Очарованная душа - Роллан Ромен - Страница 128
- Предыдущая
- 128/252
- Следующая
– Но ведь у меня своя боль…
– Конечно. Я над этим не смеюсь, как другие, – те, кто говорит, что настоящие муки – это муки нищеты, а буржуа только с жиру бесится, его страдания – роскошь. Может быть, это и роскошь – за исключением болезни и смерти, разумеется, – хотя даже болезнь и смерть не у всех одинаковы…
– Не одинаковы?
– Нет, дружок. Болеть и умирать спокойно, на своей постели, не тревожась о судьбе близких, – это тоже роскошь. Но кто живет в роскоши, тот уж не замечает ее, и по какой бы причине он ни страдал, настоящей или выдуманной, это несладко. И мне жалко всех – и ваших и наших. У каждого человека свои горести, скроенные по его мерке… Но не похожие друг на друга.
– Люди одинаковы. Питан.
– Да жизнь не одинакова… Вот, например, труд – что он для вас? Вы уверяете (вы и ваши, и лучшие и худшие из вас, да, даже пиявки, живущие чужим трудом) – вы уверяете, что труд прекрасен, труд свят и кто не знает труда, тот не имеет права существовать… Отлично. Но разве вы можете представить себе, что такое труд по нужде, без просвета, без мысли, без надежды когда-нибудь избавиться от него, труд, берущий за глотку, ослепляющий, отравляющий, когда человек привязан к жернову, как скотина, которая ходит по кругу, пока не освободится, то есть не околеет? И вот этот труд прекрасен? Он свят? А те, кто живет плодами этого труда, который они обесчестили, – разве они не останутся для нас навсегда чужими?
– Но я-то не живу плодами этого труда!
– Живете. Ваша молодость, не ведающая ни забот, ни голода, ваша школа, досуг… Учись себе спокойно, годами не заботясь о хлебе насущном…

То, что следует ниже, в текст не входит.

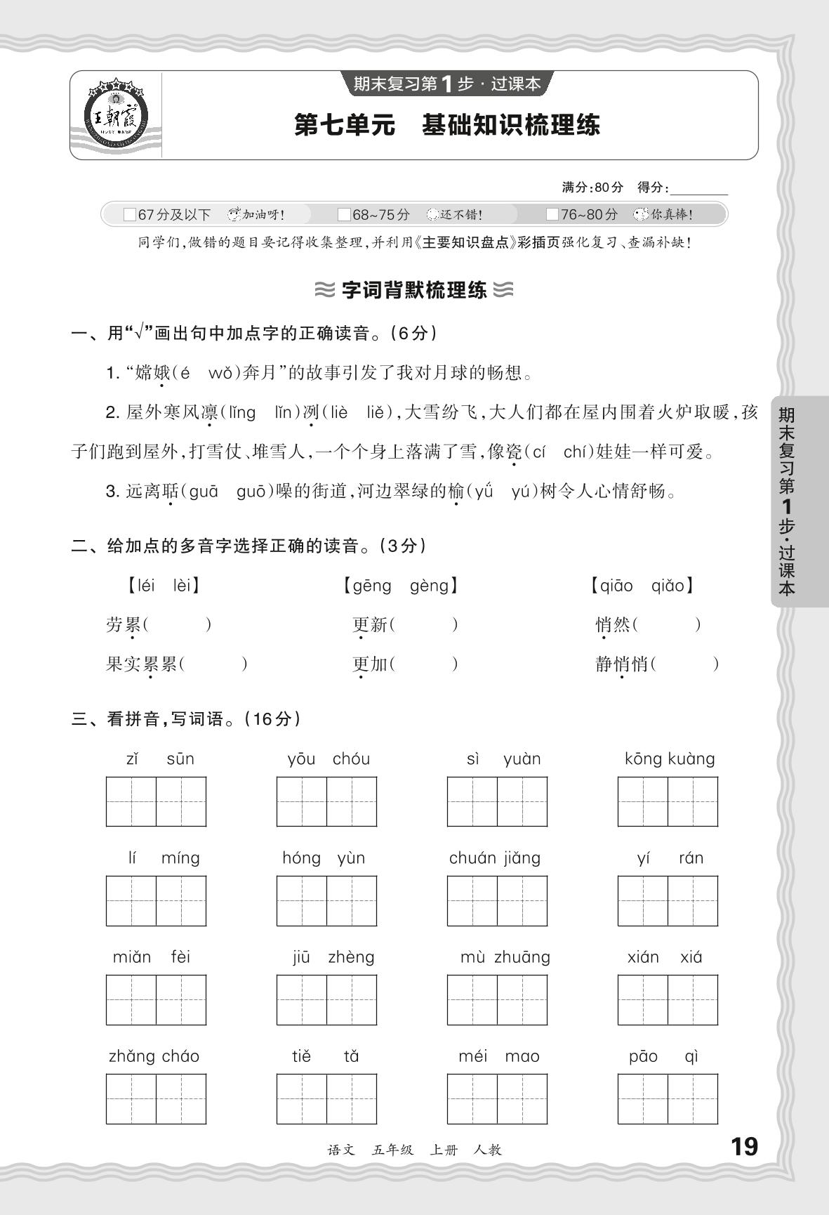 2023秋上册五年级语文人教版 期末过课本QMB版·第七单元 基础知识梳理练

Вдруг Марка, искавшего, чем бы защититься, осенила мысль, которая прежде никогда не приходила ему в голову.
– Все это добыто не вашим трудом, а трудом моей матери.
Питан заинтересовался, и Марк рассказал ему о жизни матери и ее мужестве. Повествуя об этой жизни, Марк впервые открыл ее для себя: он чувствовал и гордость и какое-то смущение, причину которого он понял после одного оброненного Питаном замечания.

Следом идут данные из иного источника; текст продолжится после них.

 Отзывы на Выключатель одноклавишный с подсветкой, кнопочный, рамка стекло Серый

– Что ж, мой друг, – спокойно сказал Питан, когда Марк кончил свой рассказ, – значит, эксплуатируемая – это она.
Но Марку пришлось не по вкусу, что ему указали на его долг.
– Это мое дело, Питан. Это вас не касается.

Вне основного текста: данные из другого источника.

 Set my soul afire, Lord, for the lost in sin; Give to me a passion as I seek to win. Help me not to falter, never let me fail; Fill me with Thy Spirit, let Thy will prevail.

Питан не возражал. Он усмехался.
Рабочие высыпали с завода. Он встал и подошел к ним. У него были среди них знакомые; раздавая листовки, он перебрасывался с ними замечаниями. Но они поспешно садились на велосипеды, – пора было ужинать. Они небрежно развертывали листовки. Некоторые, засунув руки в карманы, отказывались брать их.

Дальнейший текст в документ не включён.